§ **Work request**: Only the lines from the one that includes "specific price range." through the last line below belong in the reply, copied exactly and without pictures.

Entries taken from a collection

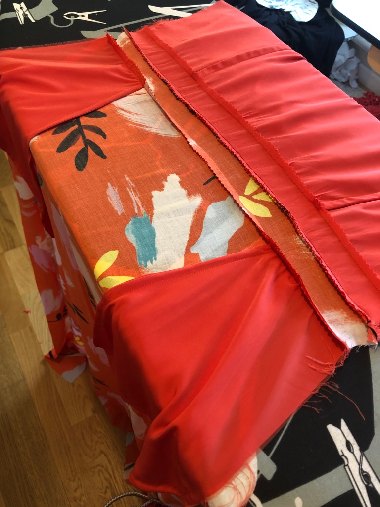 So next was attaching the bodice, waistband and skirt panels all together. In the photo below, the centre seam of these three is where the bodice is attached. But you can’t see the bodice because from there I attached a main fabric waistband plus a lining waistband. Then from those, I attached the skirt panels. The lining skirt panels are what you see hanging off the right hand part of the ironing board, and the main fabric skirt panels hanging off the left. Then I followed the instructions to join the waistband pieces and stitch along to hold the two together.
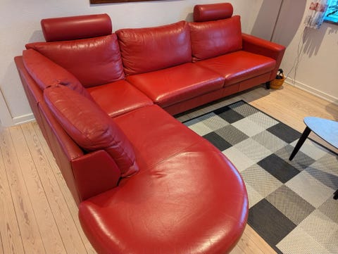 Rød læder chaiselong sofa
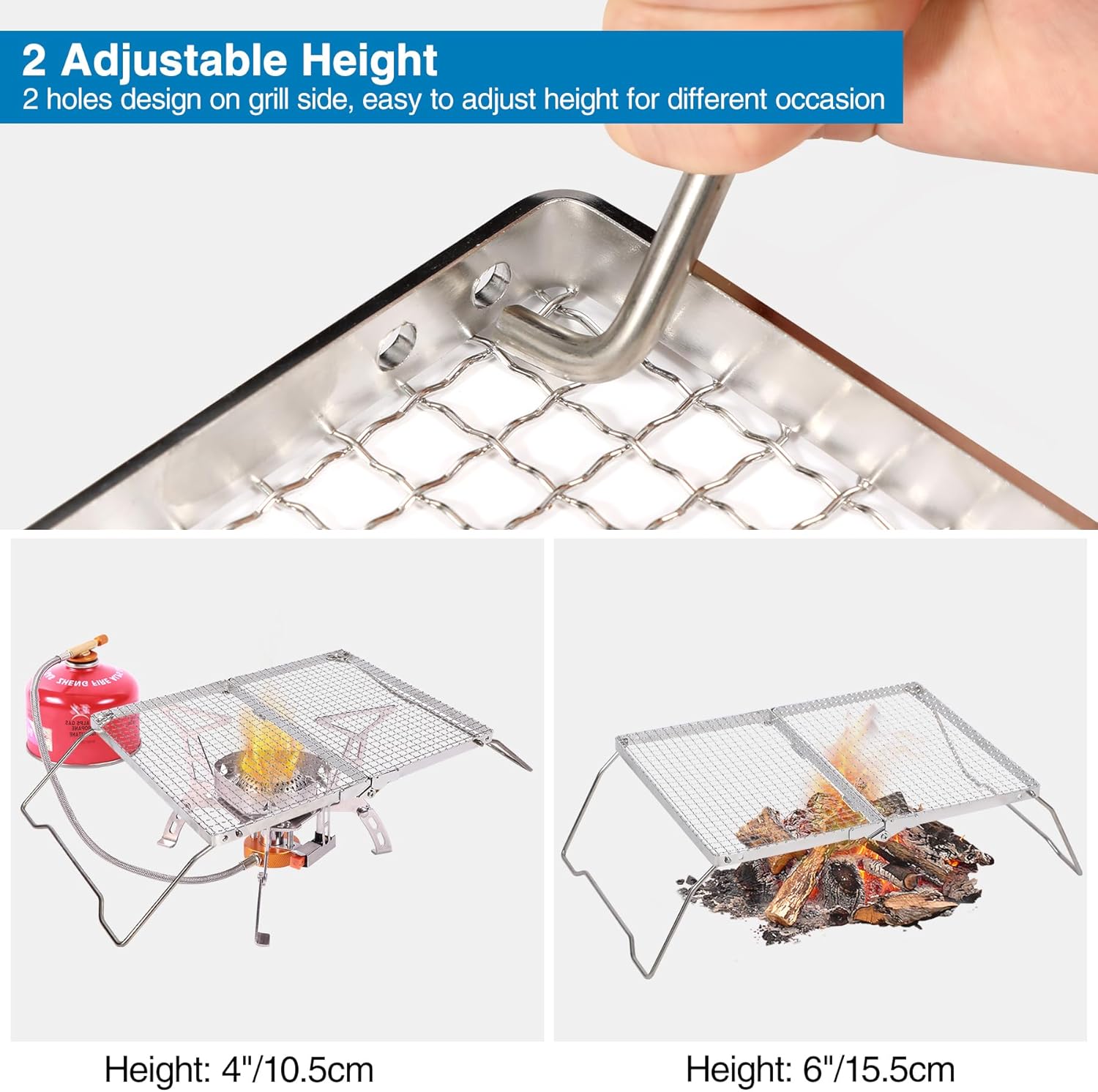 - Multi-Purpose Campfire Grill: The outdoor cooking grill is suitable to use over open fire, charcoal, gas or camping stove. Make delicious outdoor feasts, boil water, and brew coffee over a campfire on top of this freestanding backpack camp grill.
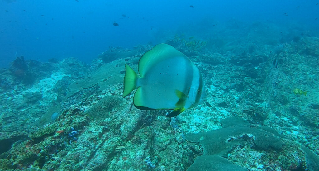 For our second and third dives, we dove at Batfish Rock, so named for the plentiful batfish that once inhabitated the dive site. While there were some, there weren’t as many as there used to be, apparently. Although, I saw a bunch of batfish throughout my time diving in the Andaman Sea, to be fair.
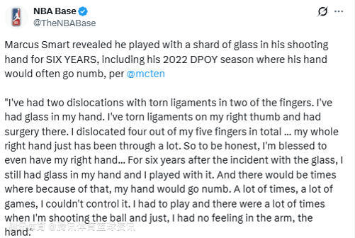 北京时间3月16日,湖人球员斯马特接受媒体采访,透露自己的投篮手内残留玻璃碎片长达6年,其中包括他斩获2022年最佳防守球员的那个赛季,那段时间他的手经常发麻。
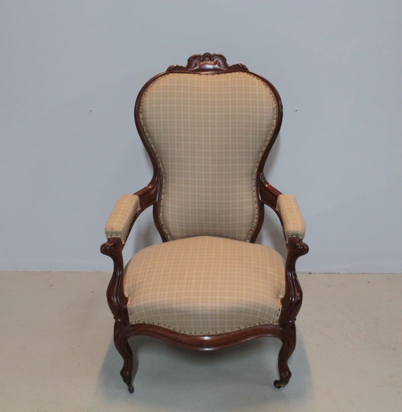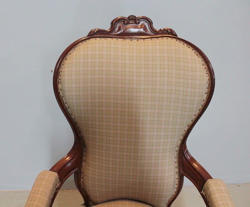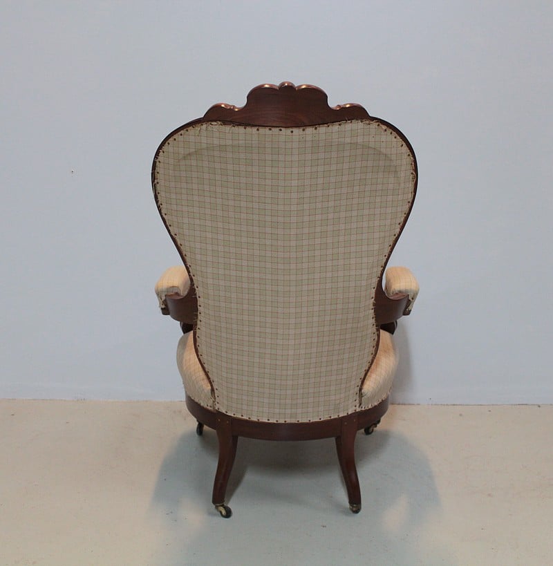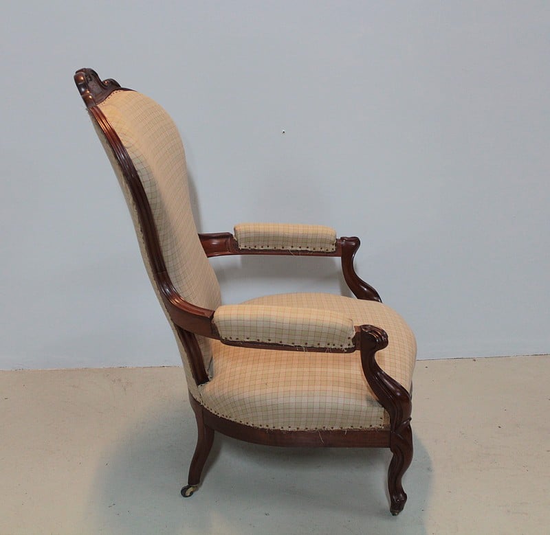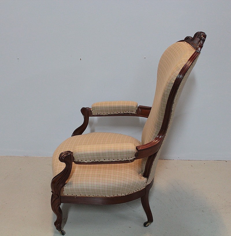 Grand Fauteuil d’Évêque de style Louis XV, époque NAPOLÉON III, en Acajou de Cuba.
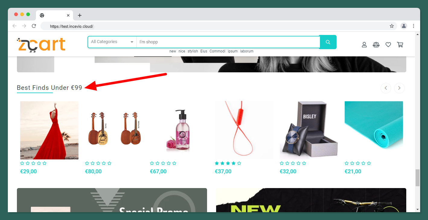 Configure the “Best Finds Under” section by specifying the criteria and parameters for showcasing your top deals or products that fall within a specific price range.
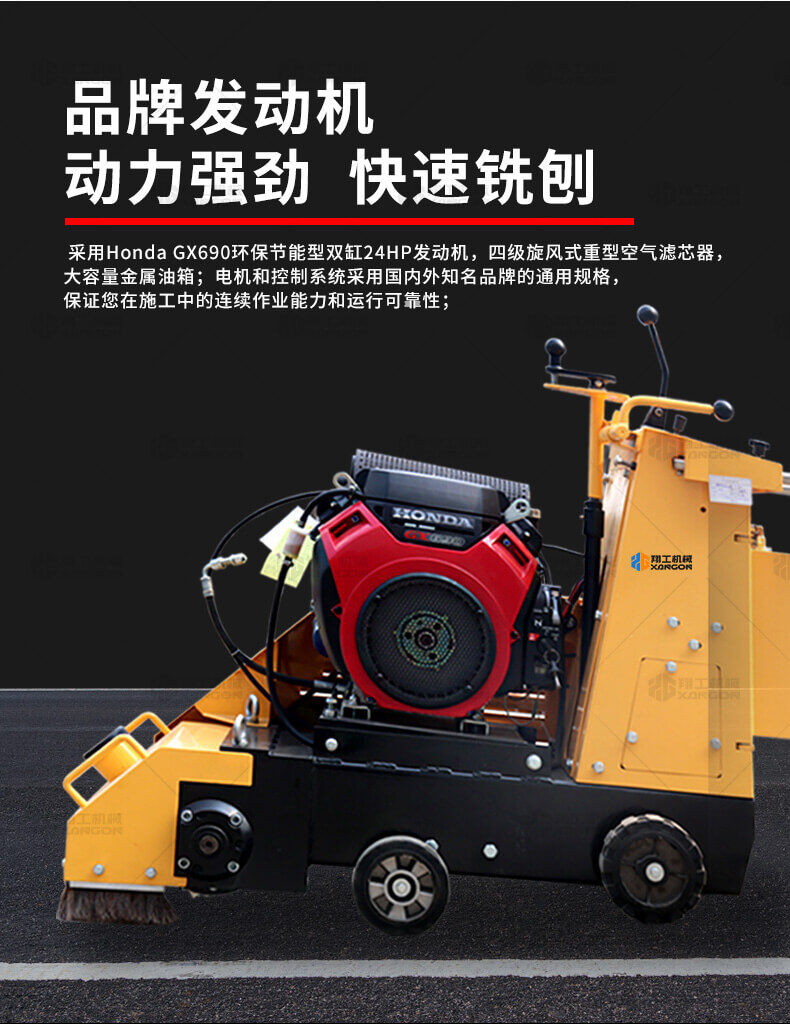 小型液壓銑刨機(jī)采用Honda GX690環(huán)保節(jié)能型雙缸24HP發(fā)動(dòng)機(jī),四級旋風(fēng)式重型空氣濾芯器,大容量金屬油箱;采用名優(yōu)電機(jī)和控制系統(tǒng),保證您在施工中的連續(xù)作業(yè)能力和運(yùn)行可靠性;

§ **Output of the exercise**:
 Configure the “Best Finds Under” section by specifying the criteria and parameters for showcasing your top deals or products that fall within a specific price range.
 小型液壓銑刨機(jī)采用Honda GX690環(huán)保節(jié)能型雙缸24HP發(fā)動(dòng)機(jī),四級旋風(fēng)式重型空氣濾芯器,大容量金屬油箱;采用名優(yōu)電機(jī)和控制系統(tǒng),保證您在施工中的連續(xù)作業(yè)能力和運(yùn)行可靠性;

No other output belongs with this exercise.